Конструкционные изменения, обусловленные установкой электропривода, обеспечивают сокращение времени сканирования биочипа размерностью 25×75 мм (в полноразмерном режиме в целом на 35 с, что существенно позволяет повысить производительность анализатора).The design changes caused by the installation of an electric drive provide a reduction in the scanning time of a biochip with a dimension of 25 × 75 mm (in full-size mode, on the whole, by 35 s, which significantly increases the analyzer performance).

Список литературыList of references

1. Мирзабеков, А.Д. Применение матричных биочипов с иммобилизованной ДНК в биологии и медицине / А.Д. Мирзабеков, Д.В. Прокопенко, В.Р. Чечеткин // Информационные медико-биологические технологии. - 2002. - М.: ГЭОТАР-МЕД.1. Mirzabekov, A.D. Application of matrix biochips with immobilized DNA in biology and medicine / A.D. Mirzabekov, D.V. Prokopenko, V.R. Chechetkin // Information Medico-Biological Technologies. - 2002. - M .: GEOTAR-MED.

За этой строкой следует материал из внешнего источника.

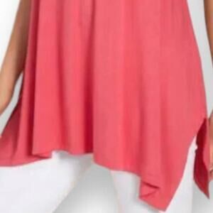 Options are unlimited with this easy, flattering top that flows from the scoop neckline in a gorgeous drape to a curved shark bite handkerchief hem with side slits. Fabric & Care- Washable very soft stretch 95% viscose 5% spandex jersey knit blend. Color of the stock photos is a better representation of the shade than my photos. My photos appear more pink than coral. Approximate measurements taken with item laying flat & without stretching

2. Маркелов, М.Л. Технологии микрочипов - новые возможности в диагностике болезней человека / М.Л. Маркелов, Г.А. Шипулин, В.И. Покровский // Терапевтический архив. - 2008. - №4. - С. 79-85.2. Markelov, M.L. Microchip technologies - new opportunities in the diagnosis of human diseases / M.L. Markelov, G.A. Shipulin and V.I. Pokrovsky // Therapeutic archive. - 2008. - No. 4. - S. 79-85.

3. Nakaya, H.I. Concepts on microarray design for genome and transcriptome analyses / H.I. Nakaya, E.M. Reis, S. Verjovski-Almeida // Nucleic Acids Hybridization Modern Applications. - 2007.3. Nakaya, H.I. Concepts on microarray design for genome and transcriptome analyzes / H.I. Nakaya, E.M. Reis, S. Verjovski-Almeida // Nucleic Acids Hybridization Modern Applications. - 2007.

4. Устройство для анализа люминесцирующих биологических микрочипов: патент RU2510959, Российская Федерация, заявка RU2011127411, заявл. 03.02.2010, опубл. 10.04.2014.4. Device for analyzing luminescent biological microchips: patent RU2510959, Russian Federation, application RU2011127411, app. 02/03/2010, publ. 10.04.2014.

Claims

Fluorescence biochip analyzer, including a housing on which a sample holder is installed, an illuminator with laser sources of excitation of radiation, a two-band interference filter, a lens, a CMOS camera, characterized in that the sample holder is mounted on a motorized translator with a 1 mm step and resolution at a full step of 5 μm, providing the ability to move the sample relative to other elements of the analyzer.